In international comparison, the European Union is prosperous. On closer inspection, however, there are significant differences between the regions. The map shows one way of measuring these regional disparities. The 10 different types of regions shown represent differences and similarities with regard to the sectoral structure of economic activity, economic performance, the extent of unemployment and natural population development. The map thus shows unequal socio-economic and demographic development patterns in the EU on a sub-national level.
TO THE SELECTED STATISTICAL CHARACTERISTICS
For the present classification of the regions of the EU according to socio-economic and demographic aspects, the following set of characteristics was used:
- the share of employed persons in industry (of the secondary sector) as a percentage of all employed persons (average for the years 2011–2013),
- the share of those in employment in the service sector (of the tertiary sector) as a percentage of all those in employment (average for the years 2011–2013),
- the regional gross domestic product per inhabitant in purchasing power standards (average for the years 2009–2011),
- The share of unemployed in the labor force in percent (average for the years 2011–2013),
- the natural population balance (births minus deaths) per 1000 inhabitants (average for the years 2010-2012).
This selection of characteristics also takes into account the proportion of people employed in agriculture (the primary sector). It results from the difference between the total of all employed persons and that of employed persons in the secondary and tertiary sectors.
With the aim of examining regions of comparable size, the reference areas of the typification are a combination of the levels NUTS 1 and NUTS 2. In Germany, NUTS 1 regions correspond to the federal states; Federal states or small federal states such as Saarland, which are not further subdivided. Check Countryaah to see other countries in European Union.
TO THE RESULTS OF THE ANALYSIS
Against the background of the cluster analysis carried out, ten different regional development patterns can be identified for the 113 NUTS 1 and NUTS 2 regions of the EU. With the deviations of the cluster mean values of the individual examined characteristics from the respective EU average and the inclusion of further characteristics for the population and for the household-related infrastructure as interpretation aids, they can be characterized as follows:
Urban service centers with significantly above average added value, slightly above average unemployment, a comparatively very high natural population balance and a correspondingly young population (cluster 1) or with significantly above average added value, low unemployment and high immigration rates (cluster 2).

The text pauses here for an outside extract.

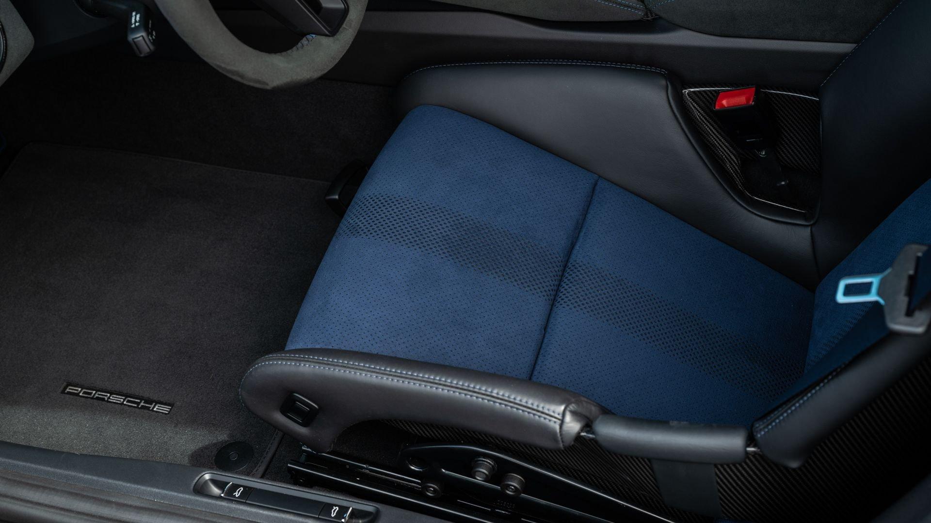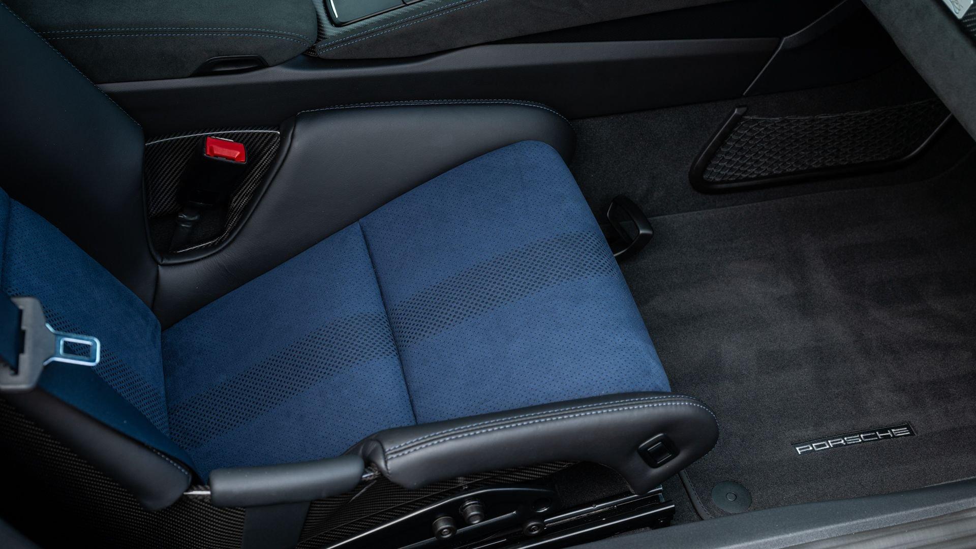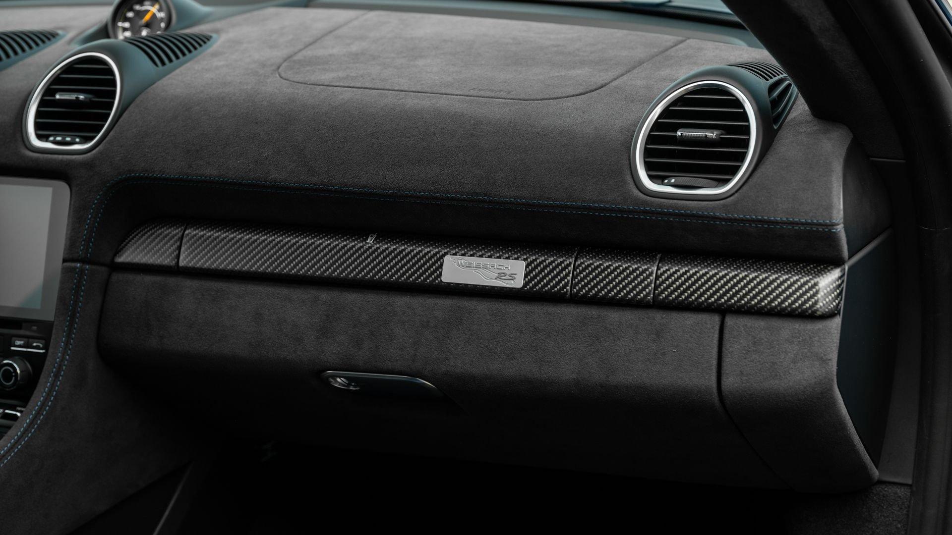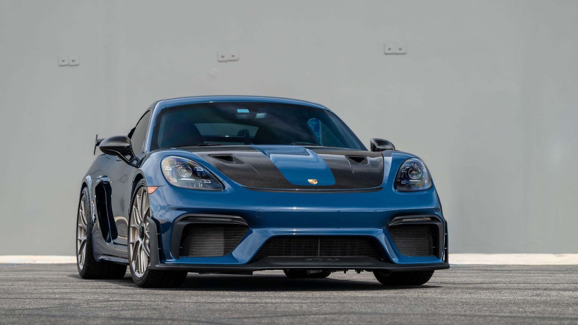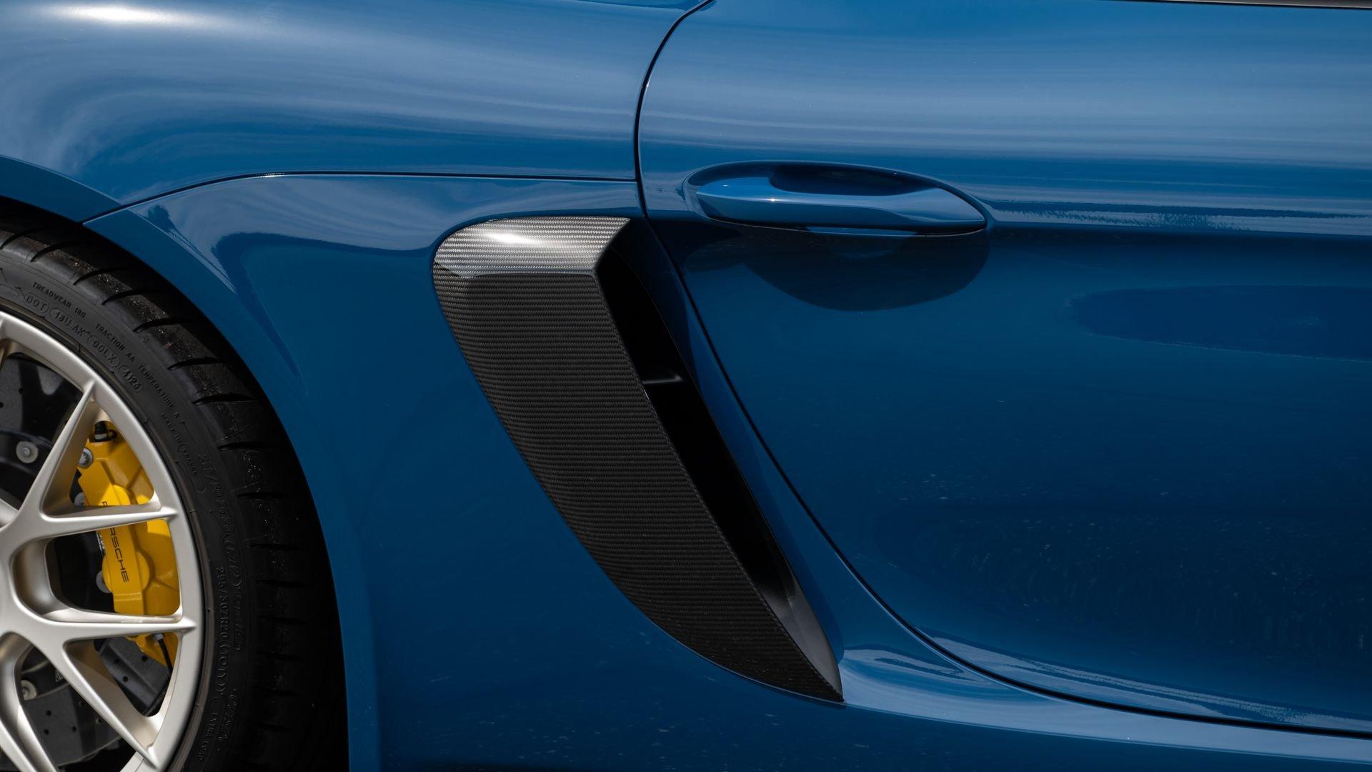 Delivered new to Porsche Fresno, this Cayman GT4 RS is optioned with an incredible $64,000 in factory fitted extras. Most important is the $13,250 Weissach Package with exposed carbon fiber front trunk lid, side air intakes, exterior mirrors, and rear wing. Further factory enhancements include 20-inch forged Magnesium wheels for an additional $15,640 painted in Satin White Gold Metallic, Front Axle Lift, Porsche Ceramic Composite Brakes (PCCB), and more. The striking option sheet is matched by the equally striking Paint to Sample ($14,750) exterior color of azureblue356. The rarely seen PTS hue from Porsche's earliest days is described by Exclusive Manufaktur as a “rich medium blue with subtle greenish undertones” which is smartly matches to a Black leather and Race-Tex interior with Deep Sea Blue Deviated Stitching. This example is further enhanced by a Soul Performance exhaust system (with the factory exhaust system included) providing an intoxicating exhaust note and an additional set of color coordinated Madras-style seat inserts, this Cayman GT4 RS includes delivery items, its original window sticker, a VIN Analytics Report, and a clean CARFAX Vehicle History Report.

- Regions with a slight focus on services, but an overall rather average economic structure and economic efficiency. It is also characterized by a comparatively low unemployment rate, positive net migration and a slightly above-average natural population balance (cluster 3).
Regions with an average economic structure and economic performance can be further subdivided into regions with a slightly above-average natural population balance and a correspondingly young population (cluster 4) and into regions with a below-average natural population balance with few young and many old people and comparatively low unemployment (Cluster 5).

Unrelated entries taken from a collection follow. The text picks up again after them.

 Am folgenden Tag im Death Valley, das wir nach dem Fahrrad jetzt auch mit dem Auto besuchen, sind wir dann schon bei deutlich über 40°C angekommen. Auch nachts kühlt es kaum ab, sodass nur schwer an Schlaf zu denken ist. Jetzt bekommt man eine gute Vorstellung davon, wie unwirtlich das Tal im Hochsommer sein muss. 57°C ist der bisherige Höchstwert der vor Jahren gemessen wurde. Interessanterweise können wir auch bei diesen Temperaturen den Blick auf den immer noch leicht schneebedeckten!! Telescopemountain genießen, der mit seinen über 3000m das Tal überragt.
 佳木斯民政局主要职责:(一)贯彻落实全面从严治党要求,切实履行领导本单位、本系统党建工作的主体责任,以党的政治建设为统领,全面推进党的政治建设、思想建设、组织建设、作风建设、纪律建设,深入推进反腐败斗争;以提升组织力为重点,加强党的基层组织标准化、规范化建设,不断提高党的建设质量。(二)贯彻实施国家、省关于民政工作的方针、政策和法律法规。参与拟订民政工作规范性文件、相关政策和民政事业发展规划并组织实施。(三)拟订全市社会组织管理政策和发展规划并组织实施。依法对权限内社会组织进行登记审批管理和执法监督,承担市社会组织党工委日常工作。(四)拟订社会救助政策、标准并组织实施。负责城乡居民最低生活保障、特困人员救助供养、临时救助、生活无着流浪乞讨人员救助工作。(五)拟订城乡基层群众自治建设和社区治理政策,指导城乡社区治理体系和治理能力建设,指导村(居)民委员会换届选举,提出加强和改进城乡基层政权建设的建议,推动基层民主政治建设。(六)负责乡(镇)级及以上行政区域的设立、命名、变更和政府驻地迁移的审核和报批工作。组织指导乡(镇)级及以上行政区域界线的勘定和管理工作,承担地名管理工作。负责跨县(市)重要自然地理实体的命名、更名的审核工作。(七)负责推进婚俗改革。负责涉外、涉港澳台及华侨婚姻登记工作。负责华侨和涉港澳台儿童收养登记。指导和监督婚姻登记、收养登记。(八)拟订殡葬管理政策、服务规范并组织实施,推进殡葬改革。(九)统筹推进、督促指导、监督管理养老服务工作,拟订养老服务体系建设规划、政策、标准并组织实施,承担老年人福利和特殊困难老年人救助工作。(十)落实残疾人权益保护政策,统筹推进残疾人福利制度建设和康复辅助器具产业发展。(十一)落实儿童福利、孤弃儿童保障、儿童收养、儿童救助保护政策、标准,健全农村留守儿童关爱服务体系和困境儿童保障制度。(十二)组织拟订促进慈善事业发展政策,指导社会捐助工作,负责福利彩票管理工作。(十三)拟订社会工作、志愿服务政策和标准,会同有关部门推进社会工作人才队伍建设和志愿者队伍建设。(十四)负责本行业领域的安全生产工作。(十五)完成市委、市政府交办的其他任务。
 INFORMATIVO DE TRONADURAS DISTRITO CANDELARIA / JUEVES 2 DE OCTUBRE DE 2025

- Regions in crisis with little industry, very high unemployment, emigration tendencies and a rather older population (cluster 6). It mainly includes the regions that have been particularly hard hit by the financial and economic crisis that has persisted since 2008.
In the industrial regions, a distinction must be made between regions with slightly above-average added value, low unemployment, a slightly above-average proportion of older people and immigration trends (cluster 7), and regions with below-average prosperity and emigration trends (cluster 8).
Agricultural regions can be subdivided into regions with below average prosperity, increased unemployment, high emigration and a low natural population balance (cluster 9) as well as strongly agricultural regions with very little service provision, very low prosperity, few old people, but below average natural ones Population balance and emigration tendencies (cluster 10).
As with all types, it should be noted that the present characterization of the EU regions aims to highlight general trends. The individual situation in the individual regions can differ from this.
TO THE CLUSTER ANALYSIS METHOD
From a methodological point of view, this typification of regions in the EU is the result of a cluster analysis.
Cluster-analytical methods make it possible to examine a large number of objects to be examined (in this case the regions of the EU) across several characteristics for similar characteristics and to summarize them in groups that are as homogeneous as possible, the so-called clusters.
In terms of content, the sorting or assignment strategy is based on the idea of merging the respective specific profile of characteristics for each examination object with those profiles that are most similar to it and separating it from those that are most dissimilar to it.
This idea is implemented mathematically and statistically in three steps. First, the (in) similarity of the regions examined is determined (based on the squared Euclidean distance of their indicator values). The lower the calculated distance value between two regions, the more similar they are; the higher the value, the more dissimilar.
The most similar regions are then successively combined into clusters. In the third step, the threshold at which this summary is to be broken off must be determined so that the merging of the regions still guarantees largely homogeneous clusters, while the number of clusters can be interpreted in terms of content and graphically. The ten-cluster solution was chosen for the present typification of the regions of the EU.